**Work to be completed**
Below are some records; give them all again exactly, but not the pictures.

**Input records**

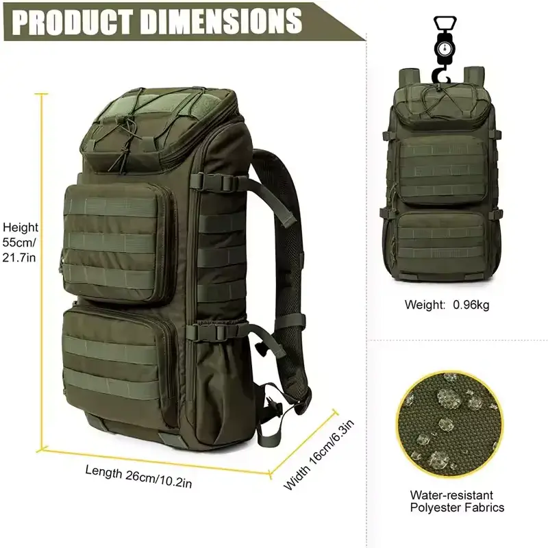 This day hiking backpack is designed with functionality and durability in mind. It features multiple compartments for organized packing, including top, front, and side pockets for easy access to your gear. The backpack is hydration system compatible, making it ideal for long hikes. It also includes MOLLE webbing for additional attachments and durable YKK zippers for reliability in tough environments.
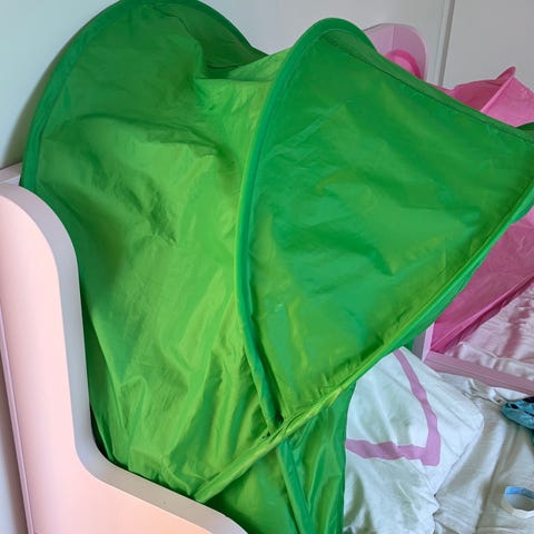 IKEA STUFFLETT lastensängyn teltta, vaaleanpunainen. Teltta on tarkoitettu kiinnitettäväksi lasten sängyn päälle tai ympärille luomaan suojaisan ja leikkisän nukkumis- ja leikkipaikan. Materiaalina kevyt kangas ja joustavat kehikot, jotka pitävät teltan muodossaan. Soveltuu sisäkäyttöön lastenhuoneeseen lisävarusteeksi sänkyyn tai leikkipaikaksi lattialle asetettuna.
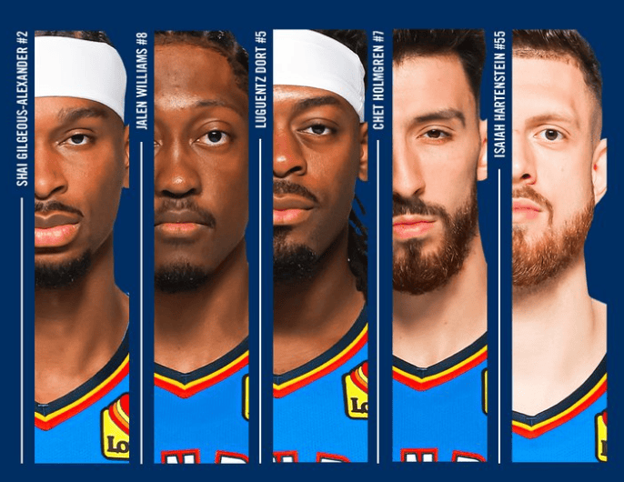 “豪取24勝1負(fù)傲人戰(zhàn)績的雷霆,迎來了自今年總決賽之后的首次首發(fā)五虎全員合體?!?/p>來源:X
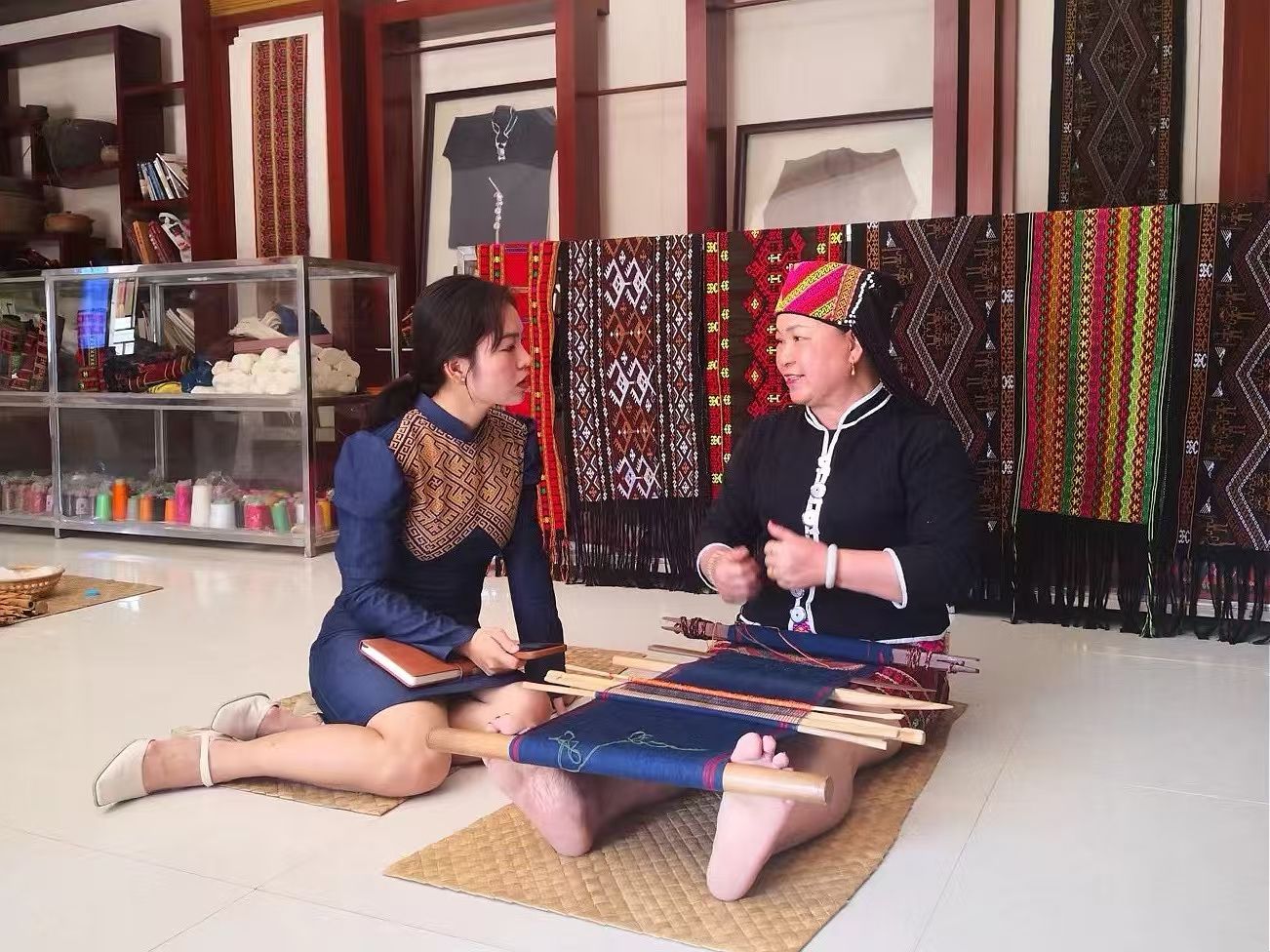 黎族傳統(tǒng)紡染織繡技藝國家級傳承人劉香蘭(右)正在和陳孟麗(左)交流。 受訪者供圖
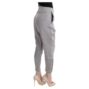 Ermanno Scervino Gray Silk Cropped Casual Pants
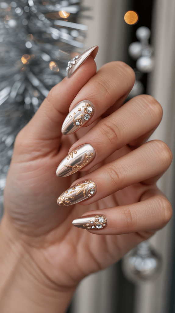 If you prefer a simpler style but still want a little festive sparkle, then a minimalist metallic design can be the perfect choice.
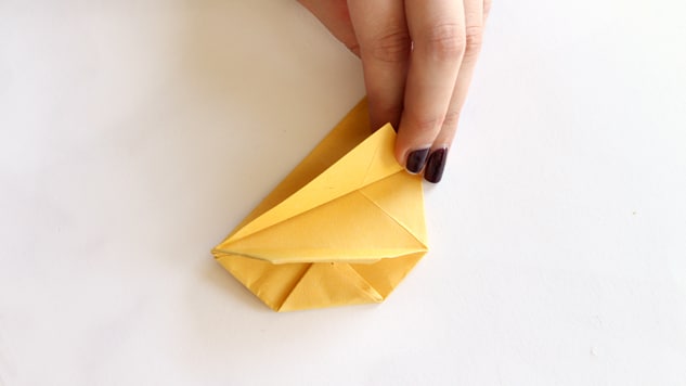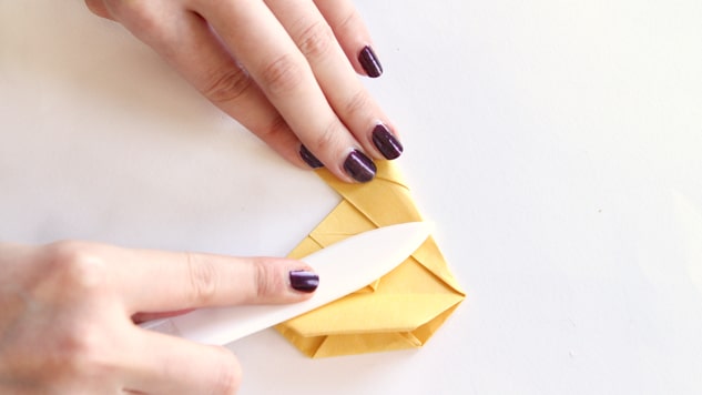 Pliez la partie qui dépasse. Marquez bien le pli. Ouvrez et divisez en deux le dernier pli, puis rabattez ce qui dépasse à l’intérieur. Faites de même de l’autre côté.
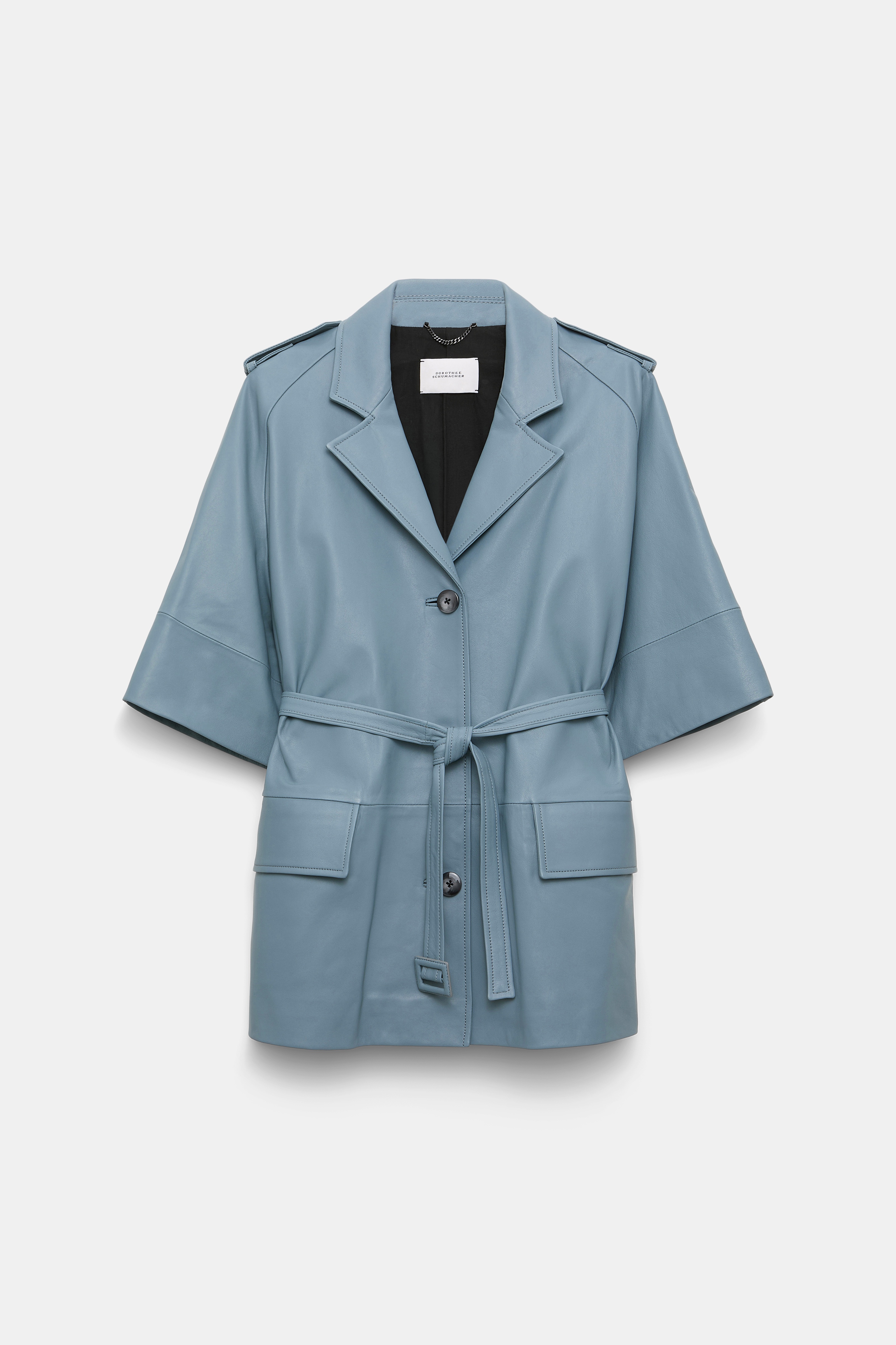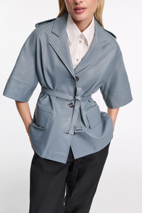 Crafted in the softest lambskin, we've remixed our forever favorite trench coat with 3/4-length sleeves and an A-line silhouette. The coat has classic trench details and comes with a matching belt. Material & Care - 100 % Leather (lamb) - Lambskin trench coat - Notched collar - 3/4-length raglan sleeves with buttoned tab cuffs - Flap pockets - Epaulettes - Matching belted sash - Back vent - No dry cleaning - Do not wash - Colour changes in product may result from strong light irradiation - This garment may transfer onto light coloured materials Size & Fit - Our model is 178cm tall and wears a size 2 - Cropped sleeves - A-line

**Solution to this task**
 This day hiking backpack is designed with functionality and durability in mind. It features multiple compartments for organized packing, including top, front, and side pockets for easy access to your gear. The backpack is hydration system compatible, making it ideal for long hikes. It also includes MOLLE webbing for additional attachments and durable YKK zippers for reliability in tough environments.
 IKEA STUFFLETT lastensängyn teltta, vaaleanpunainen. Teltta on tarkoitettu kiinnitettäväksi lasten sängyn päälle tai ympärille luomaan suojaisan ja leikkisän nukkumis- ja leikkipaikan. Materiaalina kevyt kangas ja joustavat kehikot, jotka pitävät teltan muodossaan. Soveltuu sisäkäyttöön lastenhuoneeseen lisävarusteeksi sänkyyn tai leikkipaikaksi lattialle asetettuna.
 “豪取24勝1負(fù)傲人戰(zhàn)績的雷霆,迎來了自今年總決賽之后的首次首發(fā)五虎全員合體?!?/p>來源:X
 黎族傳統(tǒng)紡染織繡技藝國家級傳承人劉香蘭(右)正在和陳孟麗(左)交流。 受訪者供圖
 Ermanno Scervino Gray Silk Cropped Casual Pants
 If you prefer a simpler style but still want a little festive sparkle, then a minimalist metallic design can be the perfect choice.
 Pliez la partie qui dépasse. Marquez bien le pli. Ouvrez et divisez en deux le dernier pli, puis rabattez ce qui dépasse à l’intérieur. Faites de même de l’autre côté.
 Crafted in the softest lambskin, we've remixed our forever favorite trench coat with 3/4-length sleeves and an A-line silhouette. The coat has classic trench details and comes with a matching belt. Material & Care - 100 % Leather (lamb) - Lambskin trench coat - Notched collar - 3/4-length raglan sleeves with buttoned tab cuffs - Flap pockets - Epaulettes - Matching belted sash - Back vent - No dry cleaning - Do not wash - Colour changes in product may result from strong light irradiation - This garment may transfer onto light coloured materials Size & Fit - Our model is 178cm tall and wears a size 2 - Cropped sleeves - A-line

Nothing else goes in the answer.